Research Team Creates Smarter Sportswear that Moves Better with Body During Exercise

Soft tissue movement during exercise has long challenged sportswear and medical garment designers seeking precise fit and comfort. At the Hong Kong Polytechnic University, researchers have developed new tools to address this issue, offering data-driven insights that could improve compression clothing design and reduce the costly reliance on repeated physical prototyping.

Long Story, Cut Short
  • PolyU scientists developed a measurement technology achieving accuracy of 1.15mm in static and 2.36mm in dynamic conditions for tissue deformation.
  • The breakthrough method integrates Boussinesq solution with elastic theory to predict how different materials affect body tissue response systematically.
  • This cost-effective technology can be incorporated into existing CAD/CAM systems, reducing prototype dependency and enabling personalised compression wear development.
Inaccurate deformation measurements have historically resulted in ill-fitting compression garments that compromise functionality, particularly affecting athletic performance and medical efficacy.
All in the Fit Inaccurate deformation measurements have historically resulted in ill-fitting compression garments that compromise functionality, particularly affecting athletic performance and medical efficacy. Bradley Dunn / Unsplash

Researchers at are reshaping how compression garments are designed by focusing on how body tissues behave during movement. A new framework enables designers to predict garment-tissue interactions with greater precision, ensuring improved comfort and performance outcomes. The development addresses long-standing industry challenges that have limited effective compression wear and offers a more reliable basis for both sportswear and medical applications.

  • Researchers confirmed that the system reduced common motion artefacts which had previously limited dynamic measurement reliability in compression garment studies.
  • Validation demonstrated accuracy levels consistent across both static and dynamic tests, showing the framework’s robustness for applications in everyday sports activity.
  • The method provides garment designers with quantitative insight into how pressure is distributed across body areas during complex athletic movement.
  • The research findings have been published in a paper titled 'A novel anthropometric method to accurately evaluate tissue deformation' in Frontiers in Bioengineering and Biotechnology.

THE STUDY: Researchers at the Hong Kong Polytechnic University (PolyU) have addressed fundamental challenges in compression garment design by developing this systematic framework that combines image recognition algorithms with mechanical property testing to understand tissue-garment interactions. The method tackles longstanding issues with motion artefacts that have compromised measurement accuracy in previous methodologies, particularly when subjects were in motion rather than static positions.

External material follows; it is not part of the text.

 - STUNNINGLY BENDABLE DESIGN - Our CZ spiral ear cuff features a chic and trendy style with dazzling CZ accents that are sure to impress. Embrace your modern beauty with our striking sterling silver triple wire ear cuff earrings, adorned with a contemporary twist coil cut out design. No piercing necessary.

  • The framework incorporated digital imaging with mechanical testing, allowing researchers to synchronise fabric pressure data with observed tissue movement for precise modelling.
  • Researchers demonstrated that by adjusting circumferential parameters in their model, garment prototypes could be digitally tested before physical production.
  • The methodology allows customisation for garments beyond sportswear, extending to clinical applications where compression levels must be medically prescribed.

WHAT’S AT STAKE: Inaccurate deformation measurements have historically resulted in ill-fitting compression garments that compromise functionality, particularly affecting athletic performance and medical efficacy. This systematic measurement gap has limited designers' ability to create solutions that optimise both comfort and performance outcomes. The stakes extend beyond simple fit issues to encompass physiological effects including blood circulation, muscle support, and injury prevention capabilities.

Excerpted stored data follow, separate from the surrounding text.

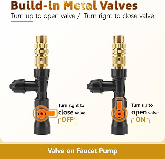 - Fits for most faucets: build-in 3 size metal adapters that can fits female 15/16-27 thread, 13/16-27 thread or a male 55/64-27 thread, constructed with on/off valve, the valve on the faucet pump can be control water flow direction. The valve on the gravel tube can be adjusted total water flow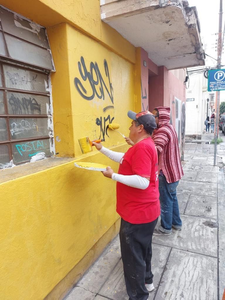 Personal de la Unidad de Gestión del Centro Histórico trabajó en eliminación de graffiti y publicidad no autorizada, limpieza de espacios públicos y mejoramiento de mercados municipales.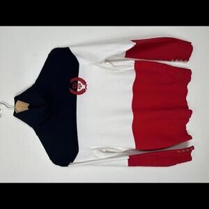 Oversized color block turtleneck sweater. Red, white, blue with red embroidered TH crest at chest. Long sleeve with small row of gold buttons. Lightweight sweater with cotton blend.
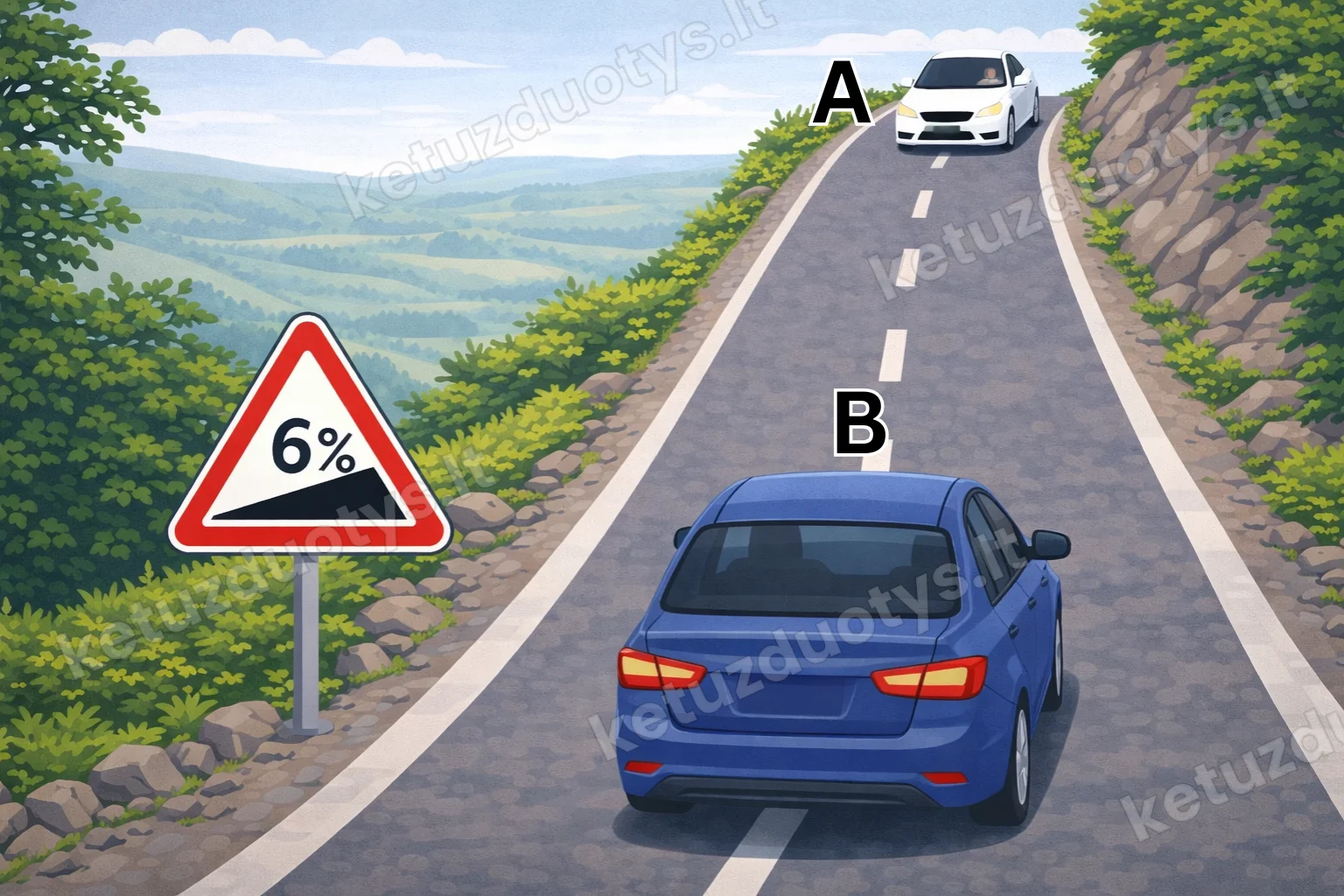 Siaurame kelio ruože, pažymėtame nuokalnės ženklu, dėl kliūties prasilenkti su priešais atvažiuojančia transporto priemone sunku. Automobilis A važiuoja nuokalne, automobilis B – įkalne. Kuris vairuotojas turi duoti kelią?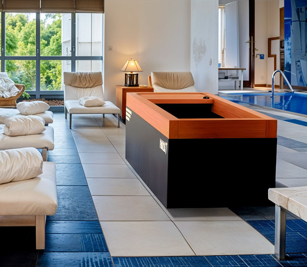 Medical Breakthrough Frozen 7 Cold Plunge with wood trim and built-in cooling system in modern outdoor patio from Wish Rock Relaxation.

  • Compression garments with poor fit can undermine therapeutic effectiveness in post-surgical recovery where consistent pressure distribution is critical.
  • Inaccurate sizing raises risks of reduced comfort and premature fatigue, affecting both professional athletes and general consumers during extended wear.
  • Ill-fitting compression garments may restrict circulation instead of improving it, creating health risks contrary to intended medical benefits.
  • Inconsistent garment effectiveness erodes consumer trust, limiting wider adoption of compression wear across athletic and healthcare markets.

THE RESULTS: Experimental testing produced several material-specific findings about how fabric properties influence tissue deformation, summarised in the results below:

  • Leggings tested under controlled conditions revealed measurable deformation differences directly linked to fibre composition and fabric stiffness properties.
  • The research demonstrated that small changes in fabric elasticity produced significant variation in localised tissue pressure response.
  • Data confirmed that stiffer materials generated stronger deformation effects than fabrics with higher flexibility.
  • Leggings made of 70% nylon and 30% spandex generated the highest deformation, while Polyester-Elastane combinations produced the least due to lower stiffness.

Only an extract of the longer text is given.